╭─ Provided records

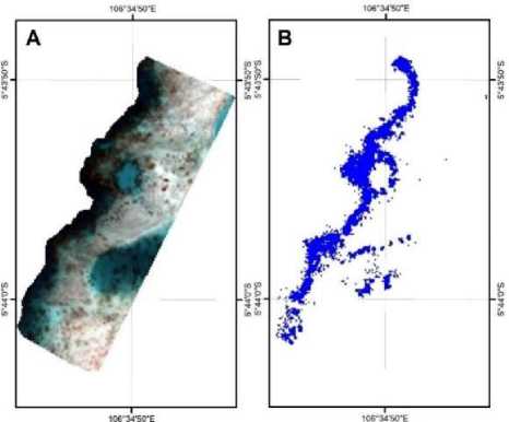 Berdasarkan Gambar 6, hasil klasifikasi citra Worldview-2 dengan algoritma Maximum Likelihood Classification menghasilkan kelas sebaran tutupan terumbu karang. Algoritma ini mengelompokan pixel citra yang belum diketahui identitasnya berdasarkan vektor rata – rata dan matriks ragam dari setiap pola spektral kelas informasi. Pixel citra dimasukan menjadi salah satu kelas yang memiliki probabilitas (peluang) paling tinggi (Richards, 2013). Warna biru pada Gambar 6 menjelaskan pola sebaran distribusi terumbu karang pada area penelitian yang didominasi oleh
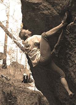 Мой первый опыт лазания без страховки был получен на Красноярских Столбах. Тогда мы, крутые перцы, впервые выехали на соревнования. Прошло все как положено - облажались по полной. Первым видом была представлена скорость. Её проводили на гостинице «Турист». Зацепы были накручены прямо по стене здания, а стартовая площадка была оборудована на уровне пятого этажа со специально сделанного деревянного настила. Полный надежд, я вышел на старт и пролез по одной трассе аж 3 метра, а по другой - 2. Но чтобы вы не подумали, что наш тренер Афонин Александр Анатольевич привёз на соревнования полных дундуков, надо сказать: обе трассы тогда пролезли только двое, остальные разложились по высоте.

╰─
╭─ Provided records

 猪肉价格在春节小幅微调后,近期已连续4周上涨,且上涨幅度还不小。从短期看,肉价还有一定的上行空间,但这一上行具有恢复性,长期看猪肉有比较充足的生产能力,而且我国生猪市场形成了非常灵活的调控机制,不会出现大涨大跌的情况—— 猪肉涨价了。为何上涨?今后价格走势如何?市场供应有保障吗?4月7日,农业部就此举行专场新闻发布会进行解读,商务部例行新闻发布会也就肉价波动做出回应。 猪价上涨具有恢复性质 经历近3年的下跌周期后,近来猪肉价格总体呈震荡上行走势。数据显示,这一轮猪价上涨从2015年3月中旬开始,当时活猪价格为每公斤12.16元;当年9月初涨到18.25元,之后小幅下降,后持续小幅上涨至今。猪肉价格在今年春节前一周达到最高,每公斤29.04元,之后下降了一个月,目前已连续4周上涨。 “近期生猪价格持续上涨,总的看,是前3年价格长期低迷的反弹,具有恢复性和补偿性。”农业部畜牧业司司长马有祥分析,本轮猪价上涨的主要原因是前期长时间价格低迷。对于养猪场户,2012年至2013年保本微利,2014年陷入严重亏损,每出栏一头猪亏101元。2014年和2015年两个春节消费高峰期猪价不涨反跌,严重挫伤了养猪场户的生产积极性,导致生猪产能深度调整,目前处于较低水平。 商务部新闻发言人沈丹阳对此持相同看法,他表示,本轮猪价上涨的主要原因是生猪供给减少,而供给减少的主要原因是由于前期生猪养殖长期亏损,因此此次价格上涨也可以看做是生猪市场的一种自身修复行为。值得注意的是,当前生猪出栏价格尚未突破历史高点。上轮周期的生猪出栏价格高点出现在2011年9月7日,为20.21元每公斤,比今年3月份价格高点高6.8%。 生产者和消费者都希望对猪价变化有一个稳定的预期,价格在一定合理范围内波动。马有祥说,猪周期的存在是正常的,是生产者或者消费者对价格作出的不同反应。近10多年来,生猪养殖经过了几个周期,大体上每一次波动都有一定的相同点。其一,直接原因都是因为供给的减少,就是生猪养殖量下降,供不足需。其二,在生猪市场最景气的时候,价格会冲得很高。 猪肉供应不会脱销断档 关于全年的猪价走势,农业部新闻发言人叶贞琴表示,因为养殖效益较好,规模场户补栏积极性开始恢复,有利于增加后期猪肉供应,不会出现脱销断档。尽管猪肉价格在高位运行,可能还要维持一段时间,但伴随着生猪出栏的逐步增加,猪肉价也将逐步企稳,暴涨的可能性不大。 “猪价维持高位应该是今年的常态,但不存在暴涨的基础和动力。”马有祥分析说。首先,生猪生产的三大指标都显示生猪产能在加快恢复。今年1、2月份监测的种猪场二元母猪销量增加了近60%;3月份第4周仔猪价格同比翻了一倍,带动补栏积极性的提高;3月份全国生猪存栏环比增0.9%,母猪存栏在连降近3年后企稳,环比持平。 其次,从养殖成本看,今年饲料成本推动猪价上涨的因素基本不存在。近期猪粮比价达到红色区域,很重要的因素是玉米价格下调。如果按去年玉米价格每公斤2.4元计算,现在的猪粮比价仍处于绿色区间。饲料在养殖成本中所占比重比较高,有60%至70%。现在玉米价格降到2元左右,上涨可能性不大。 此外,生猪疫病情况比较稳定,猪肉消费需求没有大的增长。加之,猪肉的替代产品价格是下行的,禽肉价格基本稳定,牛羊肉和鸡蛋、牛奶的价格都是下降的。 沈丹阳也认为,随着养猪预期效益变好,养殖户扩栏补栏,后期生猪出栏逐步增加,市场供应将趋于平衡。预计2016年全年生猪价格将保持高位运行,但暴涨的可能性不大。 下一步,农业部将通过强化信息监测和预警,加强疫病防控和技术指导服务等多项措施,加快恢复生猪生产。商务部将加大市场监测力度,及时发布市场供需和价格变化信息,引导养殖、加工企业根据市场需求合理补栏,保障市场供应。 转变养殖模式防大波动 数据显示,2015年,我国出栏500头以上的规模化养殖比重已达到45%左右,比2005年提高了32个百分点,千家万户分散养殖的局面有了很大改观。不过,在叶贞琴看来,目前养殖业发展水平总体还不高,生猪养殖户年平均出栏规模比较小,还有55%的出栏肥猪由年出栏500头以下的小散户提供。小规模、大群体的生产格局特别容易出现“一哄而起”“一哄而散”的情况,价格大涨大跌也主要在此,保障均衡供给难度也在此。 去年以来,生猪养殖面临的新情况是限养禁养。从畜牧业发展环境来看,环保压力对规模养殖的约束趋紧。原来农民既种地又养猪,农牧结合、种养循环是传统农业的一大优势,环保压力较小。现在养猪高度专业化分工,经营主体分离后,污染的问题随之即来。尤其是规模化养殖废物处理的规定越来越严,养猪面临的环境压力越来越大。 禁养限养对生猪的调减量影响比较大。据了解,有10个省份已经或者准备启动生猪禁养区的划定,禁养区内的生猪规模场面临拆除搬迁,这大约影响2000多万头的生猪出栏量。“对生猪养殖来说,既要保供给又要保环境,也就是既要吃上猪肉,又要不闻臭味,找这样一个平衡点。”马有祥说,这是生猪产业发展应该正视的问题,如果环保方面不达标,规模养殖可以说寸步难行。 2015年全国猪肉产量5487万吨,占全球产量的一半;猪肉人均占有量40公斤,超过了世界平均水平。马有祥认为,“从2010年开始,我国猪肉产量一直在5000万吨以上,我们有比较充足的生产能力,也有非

╰─
╭─ Provided records

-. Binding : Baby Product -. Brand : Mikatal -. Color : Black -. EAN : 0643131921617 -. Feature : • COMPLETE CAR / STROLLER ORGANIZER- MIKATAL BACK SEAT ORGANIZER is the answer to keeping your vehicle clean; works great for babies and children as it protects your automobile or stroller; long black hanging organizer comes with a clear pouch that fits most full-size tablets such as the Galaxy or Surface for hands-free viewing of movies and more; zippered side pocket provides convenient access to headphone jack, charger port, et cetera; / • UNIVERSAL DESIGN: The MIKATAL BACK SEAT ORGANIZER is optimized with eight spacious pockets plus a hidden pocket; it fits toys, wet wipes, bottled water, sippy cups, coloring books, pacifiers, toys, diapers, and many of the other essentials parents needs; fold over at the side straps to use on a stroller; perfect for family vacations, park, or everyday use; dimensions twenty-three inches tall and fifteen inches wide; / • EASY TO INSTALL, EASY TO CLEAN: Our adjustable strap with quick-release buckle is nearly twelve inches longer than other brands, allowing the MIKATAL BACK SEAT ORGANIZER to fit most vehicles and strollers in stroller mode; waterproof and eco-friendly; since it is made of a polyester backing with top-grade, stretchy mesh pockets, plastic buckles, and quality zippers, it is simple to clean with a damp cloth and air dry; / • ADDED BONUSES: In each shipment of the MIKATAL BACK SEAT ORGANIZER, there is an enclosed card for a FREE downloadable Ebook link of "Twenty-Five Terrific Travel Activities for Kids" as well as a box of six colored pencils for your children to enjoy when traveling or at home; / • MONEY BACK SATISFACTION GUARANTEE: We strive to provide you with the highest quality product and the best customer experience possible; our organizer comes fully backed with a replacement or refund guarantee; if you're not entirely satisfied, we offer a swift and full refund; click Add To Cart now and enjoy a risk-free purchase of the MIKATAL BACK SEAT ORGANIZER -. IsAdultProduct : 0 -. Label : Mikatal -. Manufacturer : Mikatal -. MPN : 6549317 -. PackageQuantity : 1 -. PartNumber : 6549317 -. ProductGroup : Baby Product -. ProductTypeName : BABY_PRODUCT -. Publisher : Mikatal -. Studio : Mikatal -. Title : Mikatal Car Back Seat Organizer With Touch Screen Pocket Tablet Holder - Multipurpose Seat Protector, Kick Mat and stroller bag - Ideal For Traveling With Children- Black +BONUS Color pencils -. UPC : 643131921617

╰─

◆ Task directions
A word-for-word reproduction is needed of the lines above from the line containing "Berdasarkan Gambar 6, hasil" through the line containing "Мой первый опыт", with both ends kept and no pictures.

◆ Your solution
 Berdasarkan Gambar 6, hasil klasifikasi citra Worldview-2 dengan algoritma Maximum Likelihood Classification menghasilkan kelas sebaran tutupan terumbu karang. Algoritma ini mengelompokan pixel citra yang belum diketahui identitasnya berdasarkan vektor rata – rata dan matriks ragam dari setiap pola spektral kelas informasi. Pixel citra dimasukan menjadi salah satu kelas yang memiliki probabilitas (peluang) paling tinggi (Richards, 2013). Warna biru pada Gambar 6 menjelaskan pola sebaran distribusi terumbu karang pada area penelitian yang didominasi oleh
 Мой первый опыт лазания без страховки был получен на Красноярских Столбах. Тогда мы, крутые перцы, впервые выехали на соревнования. Прошло все как положено - облажались по полной. Первым видом была представлена скорость. Её проводили на гостинице «Турист». Зацепы были накручены прямо по стене здания, а стартовая площадка была оборудована на уровне пятого этажа со специально сделанного деревянного настила. Полный надежд, я вышел на старт и пролез по одной трассе аж 3 метра, а по другой - 2. Но чтобы вы не подумали, что наш тренер Афонин Александр Анатольевич привёз на соревнования полных дундуков, надо сказать: обе трассы тогда пролезли только двое, остальные разложились по высоте.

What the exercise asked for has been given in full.